_Task description:_ Could every line below be transcribed exactly, with the pictures dropped?

_Records to use:_
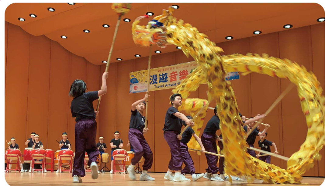
音樂事務處漫遊音樂世界-學校聯演優良表演獎
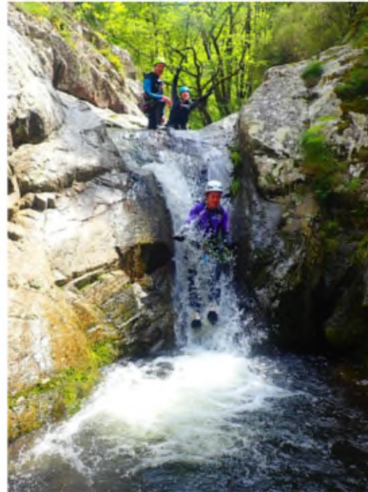
Audrey dans la faille et toboggan
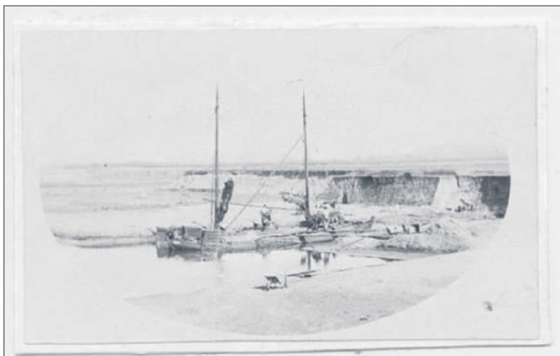
Afzanding nabij de Marconiweg omstreeks 1890.
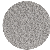
Bouclé grigio Perla Perla grey Bouclé
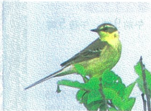
▲キムツツメナガセキレイ
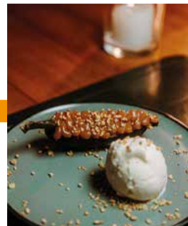
O Luzia Gastrô, na QI 2, oferece almoço (R$ 54,90) e jantar (R$ 69,90) tem entre as opções a croqueta de mandioca recheada com mix de cogumelos, Costelinha braseada com redução agridoce, Parmegiana gratinada de berinjela e 3 queijos e Banana assada recheada de doce de leite

Um dos principais festivais gastronômicos no mundo, a Restaurant Week chegou há 17 anos ao Brasil pelas mãos do empresário Fernando Reis. Além de São Paulo, onde começou, e Brasília, o festival é realizado em estados e cidades
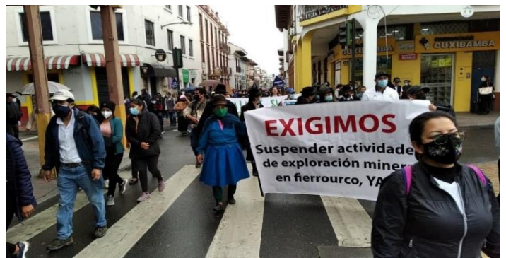
Imagen 2. Marcha en contra de la minería

_Reply to the task:_
音樂事務處漫遊音樂世界-學校聯演優良表演獎
Audrey dans la faille et toboggan
Afzanding nabij de Marconiweg omstreeks 1890.
Bouclé grigio Perla Perla grey Bouclé
▲キムツツメナガセキレイ
O Luzia Gastrô, na QI 2, oferece almoço (R$ 54,90) e jantar (R$ 69,90) tem entre as opções a croqueta de mandioca recheada com mix de cogumelos, Costelinha braseada com redução agridoce, Parmegiana gratinada de berinjela e 3 queijos e Banana assada recheada de doce de leite

Um dos principais festivais gastronômicos no mundo, a Restaurant Week chegou há 17 anos ao Brasil pelas mãos do empresário Fernando Reis. Além de São Paulo, onde começou, e Brasília, o festival é realizado em estados e cidades
Imagen 2. Marcha en contra de la minería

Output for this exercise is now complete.